> **DATA SEGMENT**
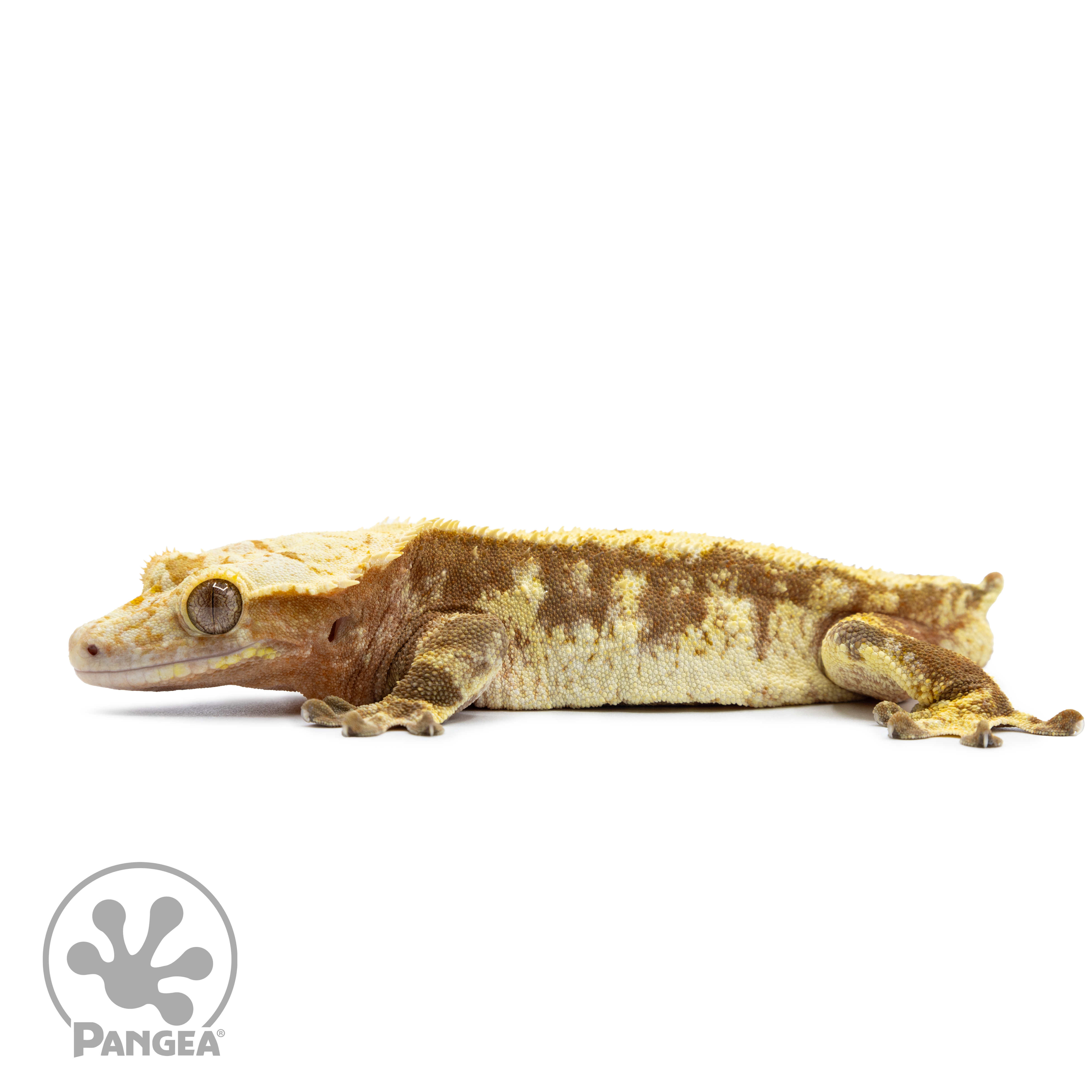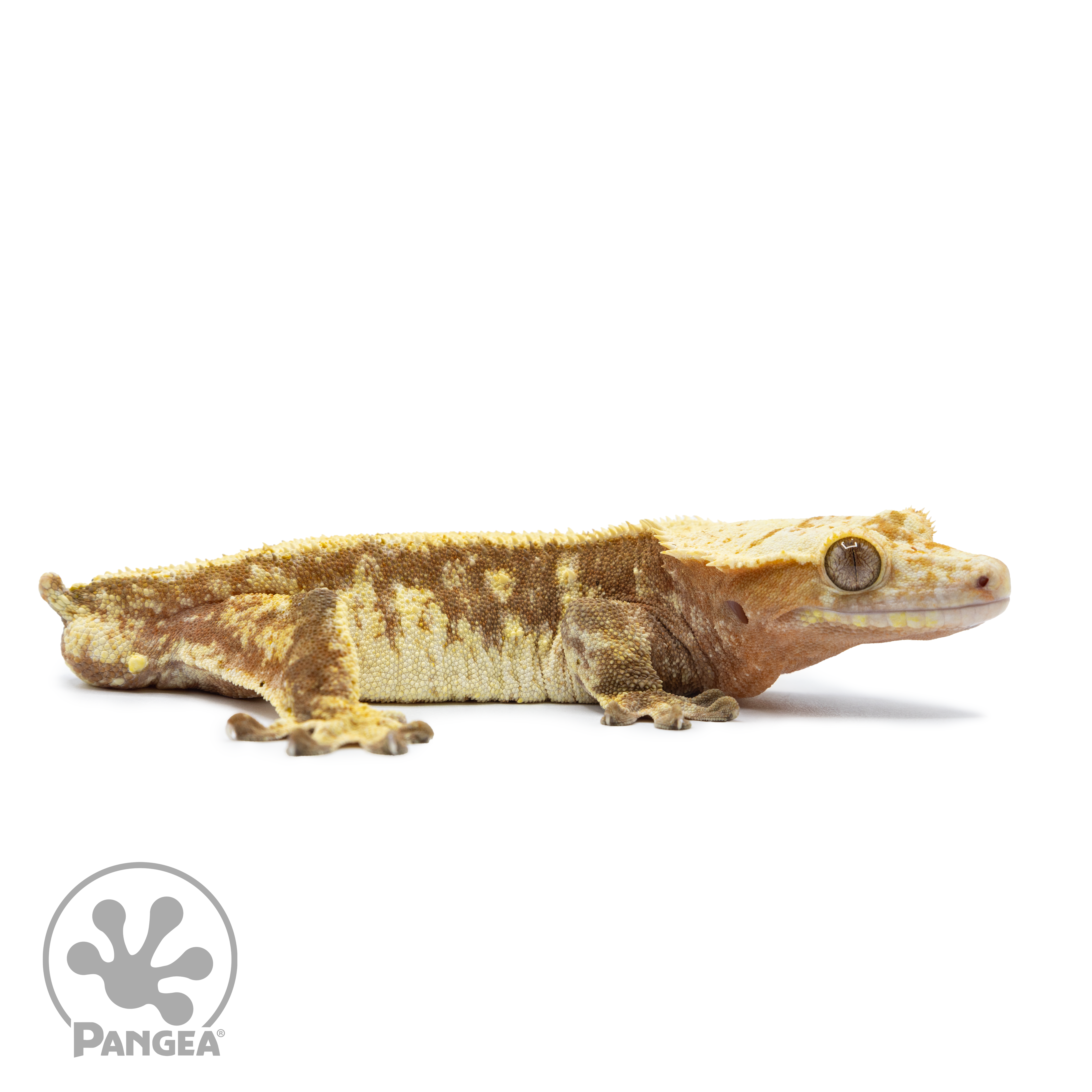 The Male Extreme Harlequin Crested Gecko Cr-2532 features a striking white and yellow pattern with hints of cream and a red base, truly making it a standout in any collection. This gecko is also ready to breed, making him a valuable addition to any collection.
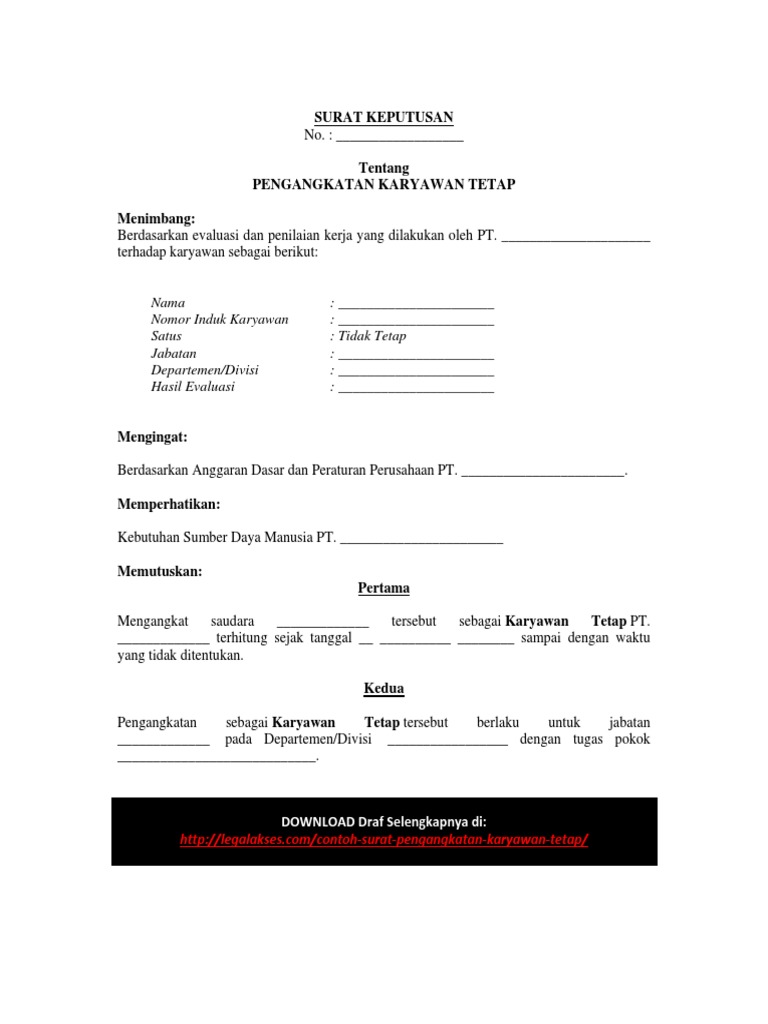 Contoh Surat Pengangkatan Karyawan Tetap Pdf
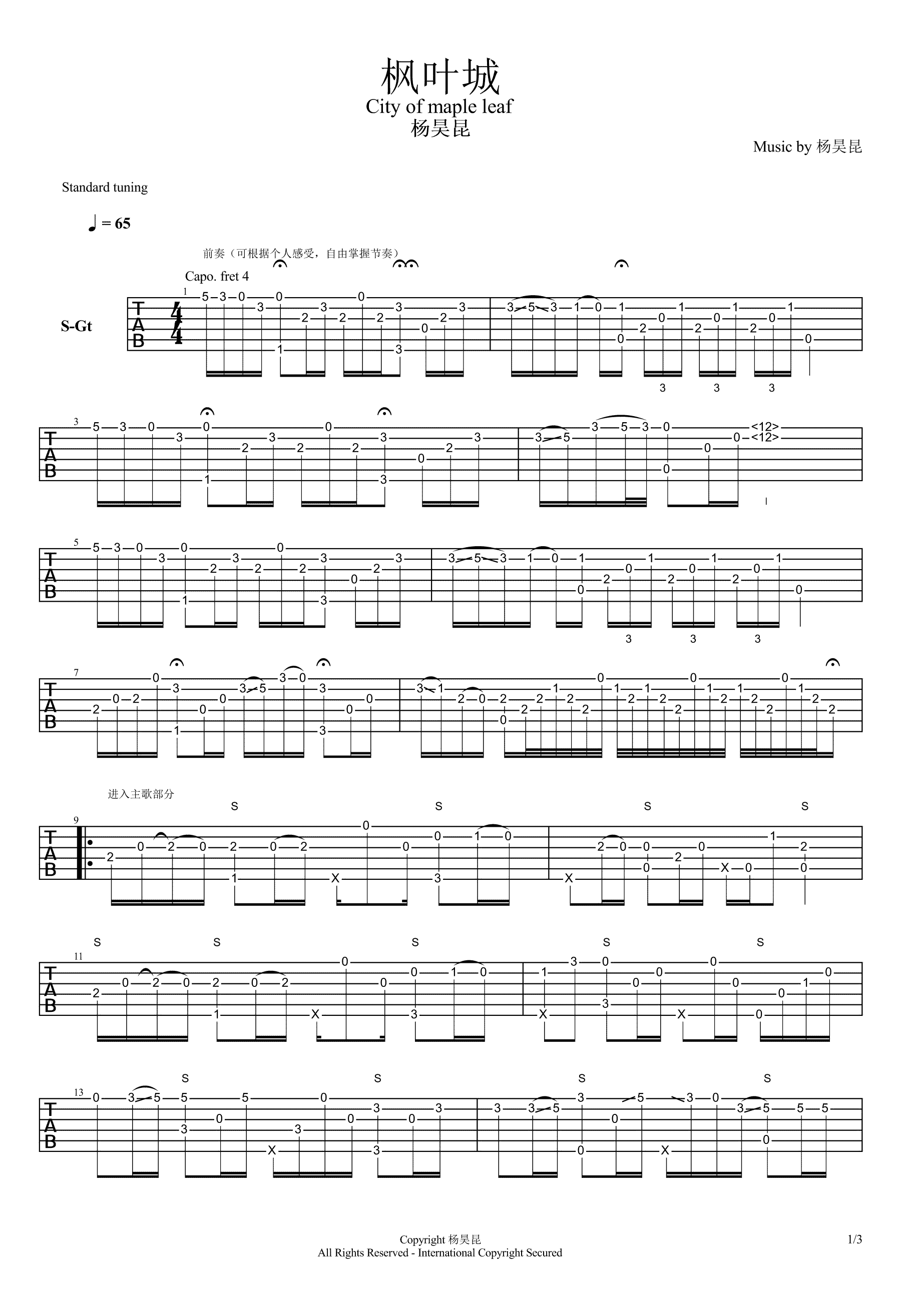 杨昊昆《枫叶城 》 吉他演奏的指弹纯音乐 纯音乐 无歌词

> **EXERCISE BRIEF**
Your reply should consist solely of the lines from the one containing "Contoh Surat Pengangkatan Karyawan Tetap Pdf" through the last line of the material, reproduced exactly and without pictures.

> **ANSWER TO THE EXERCISE**
 Contoh Surat Pengangkatan Karyawan Tetap Pdf
 杨昊昆《枫叶城 》 吉他演奏的指弹纯音乐 纯音乐 无歌词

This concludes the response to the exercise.